I have been thinking about this a lot now that the school year has started again. My son is only 4, but he has begun to tell me about issues with his friends, such as mean things they say to one another. It makes my heart ache as it reminds me of the difficulties and complications I endured in friendships as a child. None of them were terrible. For example, I was never bullied. I also recognize they were formative experiences that brought me to the positive place I am in today. Yet, so many of them were hard. And reliving the experiences that have brought me where I am today has given me great insight into why my friendships have gotten better as I have gotten older.
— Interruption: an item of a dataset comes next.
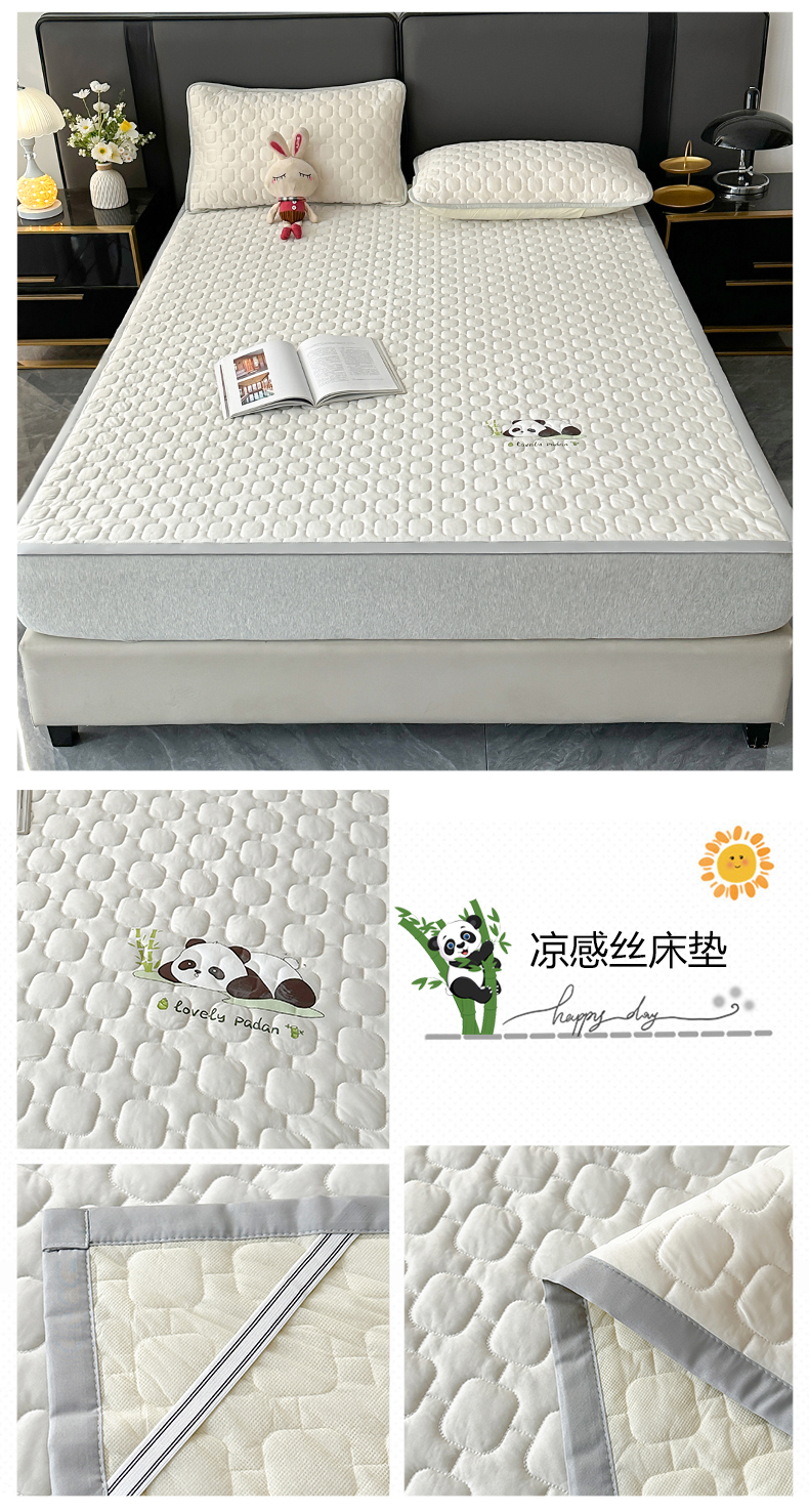 (总)爱洛家纺 2025新款凉感丝羽丝棉床垫,熊猫-豆沙绿,熊猫-蓝,熊猫-奶白,熊猫-浅灰,熊猫-浅天蓝

For starters, in school, we don’t really get to choose our friends. Especially in smaller classes, our options are so limited. Second, and perhaps most importantly, we don’t yet have a strong sense of self. We don’t know who we are and what we like. It’s, therefore, difficult to find the people you really resonate with because you yourself are full of questions about what you actually are drawn to. Finally, we also don’t have the confidence to stand for what we believe in and let the criticism roll off our backs.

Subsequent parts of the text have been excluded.